→ Problem statement: Print the entries below exactly as they appear, from the first line up to and including the line with "The change in". Do not print any pictures.

********************

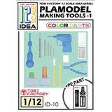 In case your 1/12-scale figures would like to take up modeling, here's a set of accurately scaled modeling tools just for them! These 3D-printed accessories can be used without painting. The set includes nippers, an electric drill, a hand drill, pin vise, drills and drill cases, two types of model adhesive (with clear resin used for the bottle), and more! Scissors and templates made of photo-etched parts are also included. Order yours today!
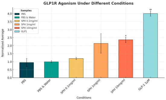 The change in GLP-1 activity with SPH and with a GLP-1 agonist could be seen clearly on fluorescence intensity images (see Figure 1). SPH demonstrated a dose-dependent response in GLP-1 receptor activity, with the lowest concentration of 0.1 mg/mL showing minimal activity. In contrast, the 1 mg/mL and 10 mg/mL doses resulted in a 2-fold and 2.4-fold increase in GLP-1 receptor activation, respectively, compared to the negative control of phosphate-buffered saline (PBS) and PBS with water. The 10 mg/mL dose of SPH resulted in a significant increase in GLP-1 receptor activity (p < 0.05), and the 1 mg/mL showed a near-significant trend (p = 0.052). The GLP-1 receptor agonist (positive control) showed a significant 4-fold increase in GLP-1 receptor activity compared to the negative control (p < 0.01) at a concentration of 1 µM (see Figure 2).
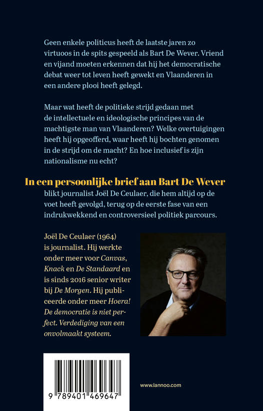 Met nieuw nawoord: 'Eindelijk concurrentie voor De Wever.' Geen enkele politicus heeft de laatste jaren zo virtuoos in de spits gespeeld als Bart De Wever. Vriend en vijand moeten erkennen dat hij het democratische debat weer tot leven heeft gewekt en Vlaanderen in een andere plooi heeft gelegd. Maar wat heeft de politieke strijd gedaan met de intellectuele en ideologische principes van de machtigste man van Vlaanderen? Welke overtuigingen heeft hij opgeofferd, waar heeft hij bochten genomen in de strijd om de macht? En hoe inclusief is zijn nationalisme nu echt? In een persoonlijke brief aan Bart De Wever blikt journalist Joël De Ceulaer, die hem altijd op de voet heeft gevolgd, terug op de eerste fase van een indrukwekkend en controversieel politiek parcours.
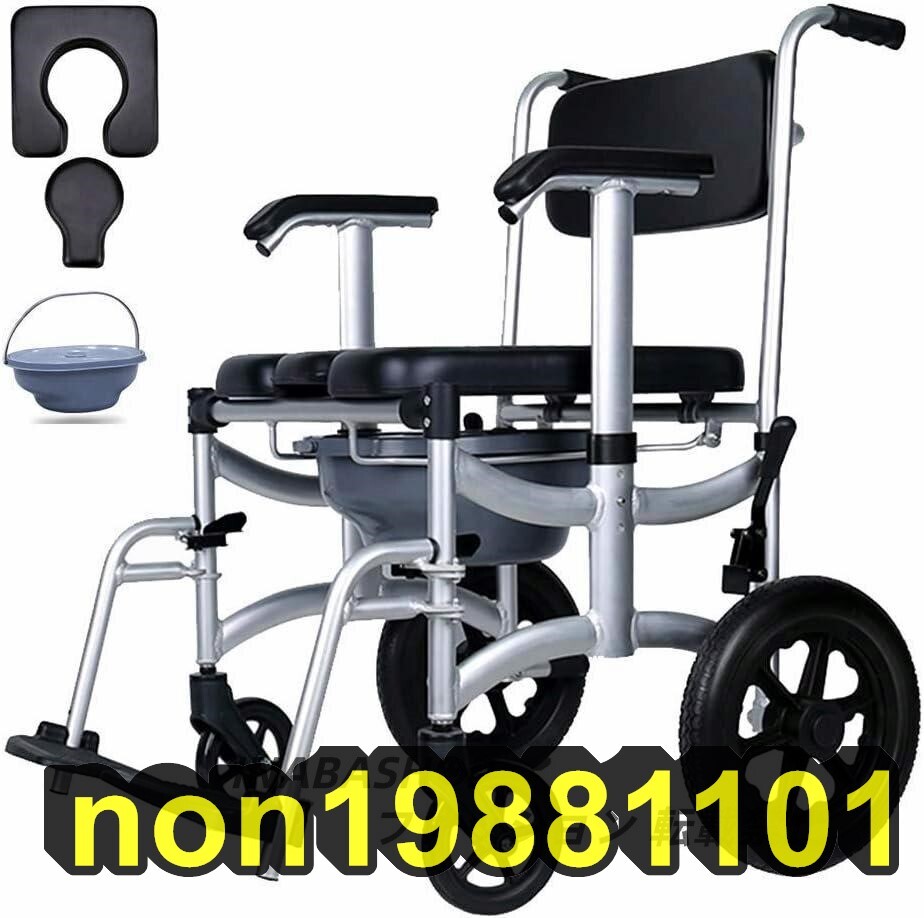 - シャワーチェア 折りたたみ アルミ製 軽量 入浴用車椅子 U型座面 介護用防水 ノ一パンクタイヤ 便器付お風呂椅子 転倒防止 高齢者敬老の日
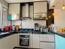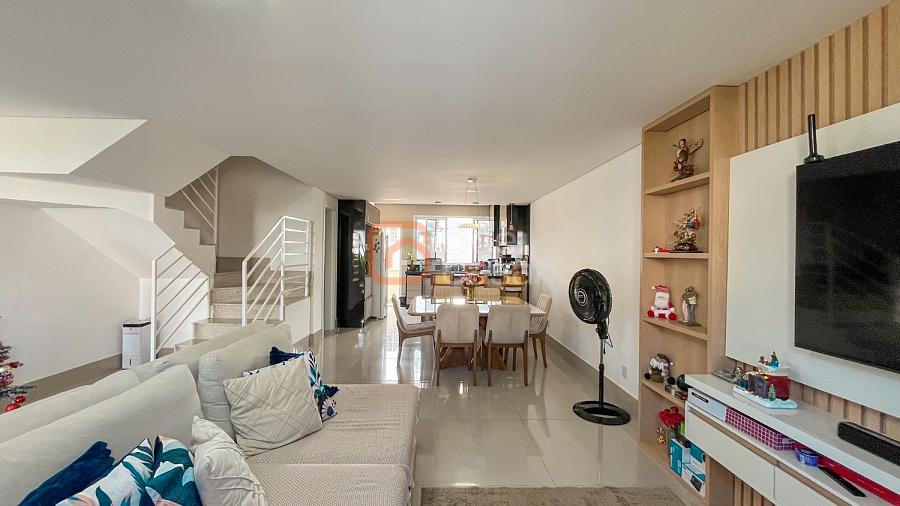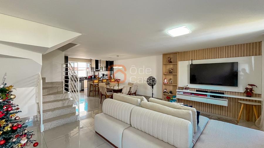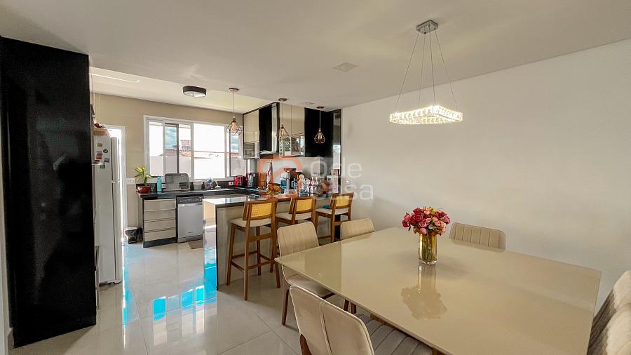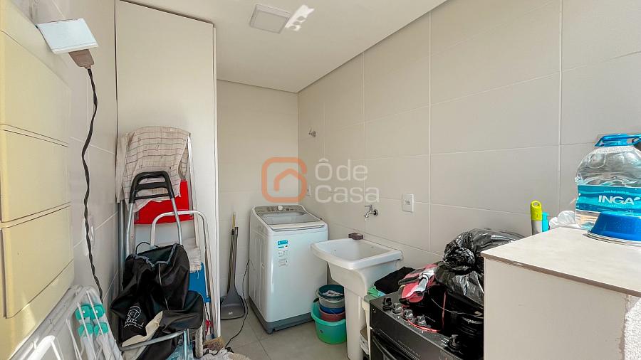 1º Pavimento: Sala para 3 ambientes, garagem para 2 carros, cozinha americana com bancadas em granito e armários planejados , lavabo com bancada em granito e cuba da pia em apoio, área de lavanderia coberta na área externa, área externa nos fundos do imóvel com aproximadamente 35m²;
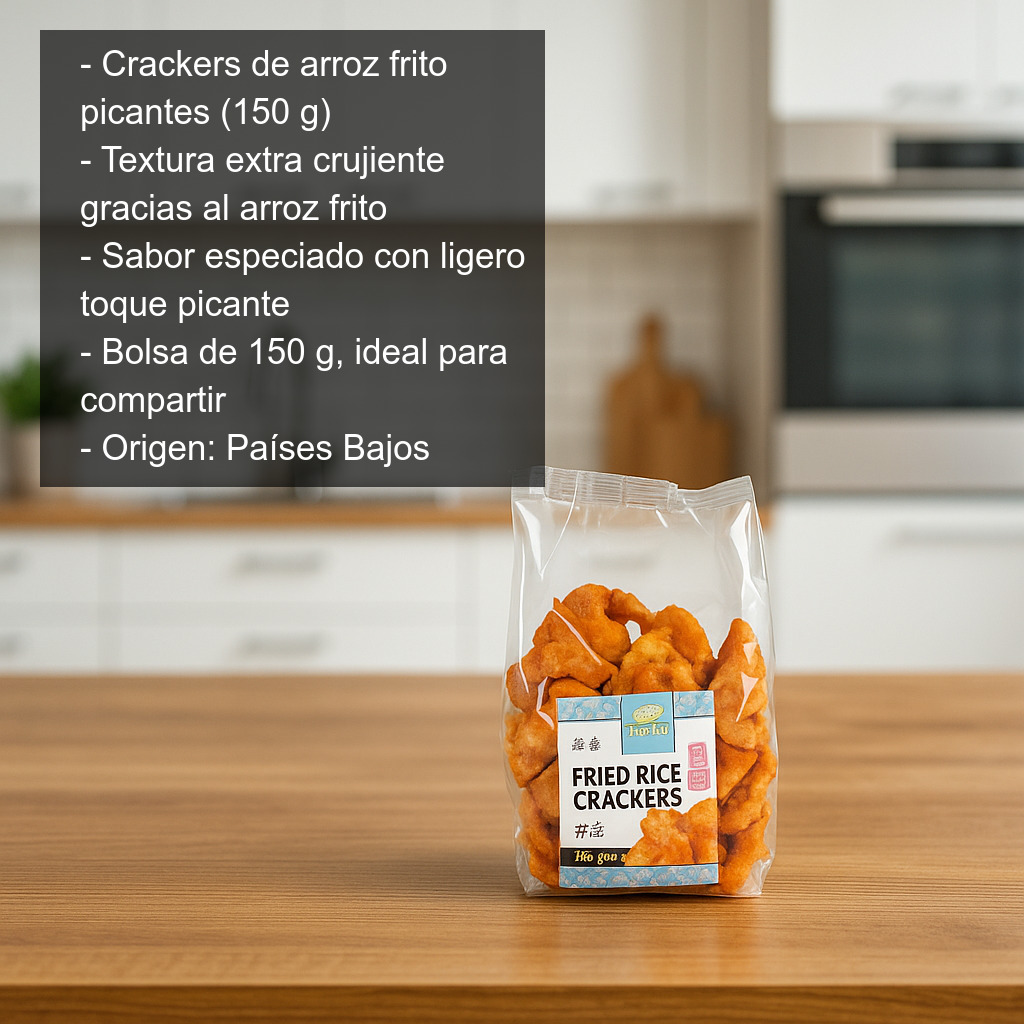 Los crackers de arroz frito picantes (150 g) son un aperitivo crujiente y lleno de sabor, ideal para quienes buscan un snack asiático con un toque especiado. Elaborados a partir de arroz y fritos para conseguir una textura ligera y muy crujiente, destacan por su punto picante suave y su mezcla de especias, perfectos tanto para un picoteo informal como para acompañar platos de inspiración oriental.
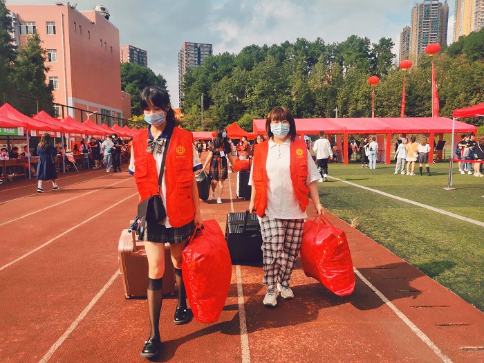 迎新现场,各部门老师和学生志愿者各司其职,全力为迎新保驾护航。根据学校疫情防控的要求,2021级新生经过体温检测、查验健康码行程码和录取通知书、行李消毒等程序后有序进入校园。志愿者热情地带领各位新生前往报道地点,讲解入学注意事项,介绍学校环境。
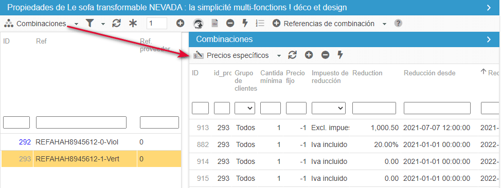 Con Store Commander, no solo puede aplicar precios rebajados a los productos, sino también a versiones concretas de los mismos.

********************

→ Output of the task:
 In case your 1/12-scale figures would like to take up modeling, here's a set of accurately scaled modeling tools just for them! These 3D-printed accessories can be used without painting. The set includes nippers, an electric drill, a hand drill, pin vise, drills and drill cases, two types of model adhesive (with clear resin used for the bottle), and more! Scissors and templates made of photo-etched parts are also included. Order yours today!
 The change in GLP-1 activity with SPH and with a GLP-1 agonist could be seen clearly on fluorescence intensity images (see Figure 1). SPH demonstrated a dose-dependent response in GLP-1 receptor activity, with the lowest concentration of 0.1 mg/mL showing minimal activity. In contrast, the 1 mg/mL and 10 mg/mL doses resulted in a 2-fold and 2.4-fold increase in GLP-1 receptor activation, respectively, compared to the negative control of phosphate-buffered saline (PBS) and PBS with water. The 10 mg/mL dose of SPH resulted in a significant increase in GLP-1 receptor activity (p < 0.05), and the 1 mg/mL showed a near-significant trend (p = 0.052). The GLP-1 receptor agonist (positive control) showed a significant 4-fold increase in GLP-1 receptor activity compared to the negative control (p < 0.01) at a concentration of 1 µM (see Figure 2).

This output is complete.